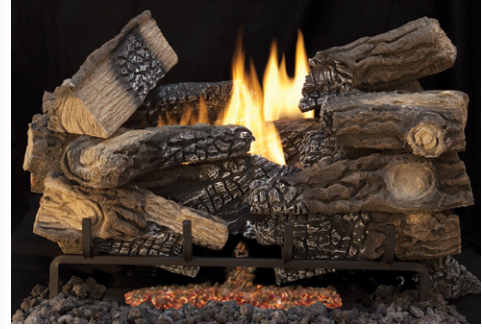
Massive Mixed Oak

The Tri-Flame Series brings a remarkable new technology to the field of vent-free gas logs. To duplicate the look of a real wood fire, these models include a glowing, coal bed at its base. The bright, glowing coals and flickering embers are achieved through the use of two unique technologies. The Tri-Flame burner offers the unusual feature of an additional row of flames behind the logs. The result is a distinctive appearance with a very deep flame pattern.
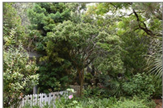
Simpson's Stopper in bloom
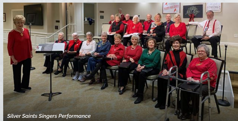
Silver Saints Singers Performance

Work to complete –
Please set down every line of the listing verbatim, excluding its pictures.

Exercise output –
Massive Mixed Oak

The Tri-Flame Series brings a remarkable new technology to the field of vent-free gas logs. To duplicate the look of a real wood fire, these models include a glowing, coal bed at its base. The bright, glowing coals and flickering embers are achieved through the use of two unique technologies. The Tri-Flame burner offers the unusual feature of an additional row of flames behind the logs. The result is a distinctive appearance with a very deep flame pattern.
Simpson's Stopper in bloom
Silver Saints Singers Performance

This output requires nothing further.